ASSIGNMENT: Below is a listing; write it out exactly and drop any images from it.

GIVEN DATA:
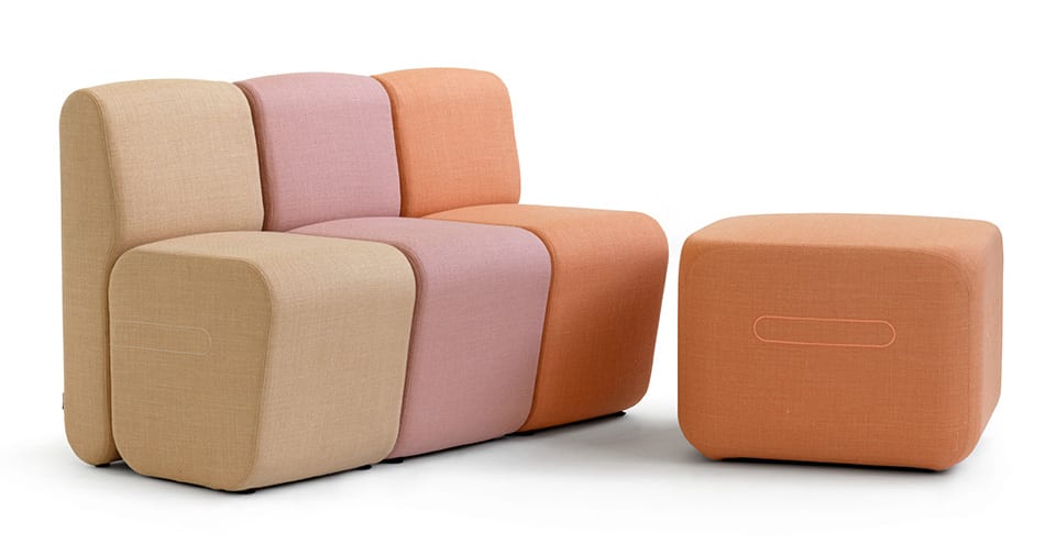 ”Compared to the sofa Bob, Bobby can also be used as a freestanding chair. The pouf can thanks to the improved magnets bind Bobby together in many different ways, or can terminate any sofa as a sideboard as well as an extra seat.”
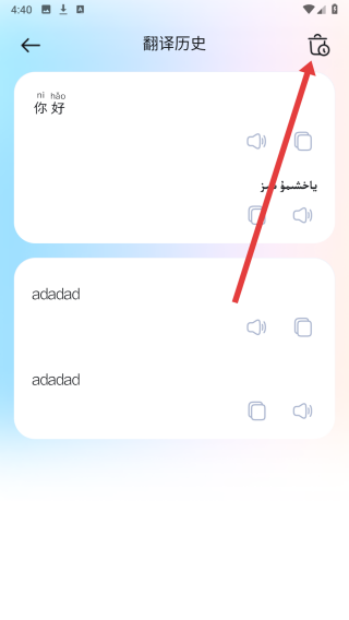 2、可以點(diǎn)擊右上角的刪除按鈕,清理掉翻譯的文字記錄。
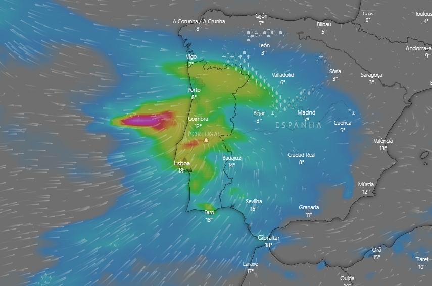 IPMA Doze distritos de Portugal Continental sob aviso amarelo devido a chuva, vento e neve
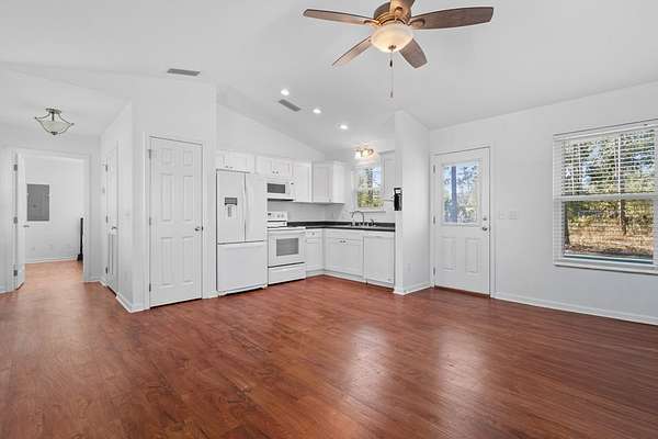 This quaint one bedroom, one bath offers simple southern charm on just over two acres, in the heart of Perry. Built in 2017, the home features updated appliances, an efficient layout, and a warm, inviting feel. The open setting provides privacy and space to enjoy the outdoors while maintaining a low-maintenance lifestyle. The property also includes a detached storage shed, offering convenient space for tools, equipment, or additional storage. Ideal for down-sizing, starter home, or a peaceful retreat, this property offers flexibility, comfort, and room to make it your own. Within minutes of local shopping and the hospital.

ANSWER TO THIS EXERCISE:
 ”Compared to the sofa Bob, Bobby can also be used as a freestanding chair. The pouf can thanks to the improved magnets bind Bobby together in many different ways, or can terminate any sofa as a sideboard as well as an extra seat.”
 2、可以點(diǎn)擊右上角的刪除按鈕,清理掉翻譯的文字記錄。
 IPMA Doze distritos de Portugal Continental sob aviso amarelo devido a chuva, vento e neve
 This quaint one bedroom, one bath offers simple southern charm on just over two acres, in the heart of Perry. Built in 2017, the home features updated appliances, an efficient layout, and a warm, inviting feel. The open setting provides privacy and space to enjoy the outdoors while maintaining a low-maintenance lifestyle. The property also includes a detached storage shed, offering convenient space for tools, equipment, or additional storage. Ideal for down-sizing, starter home, or a peaceful retreat, this property offers flexibility, comfort, and room to make it your own. Within minutes of local shopping and the hospital.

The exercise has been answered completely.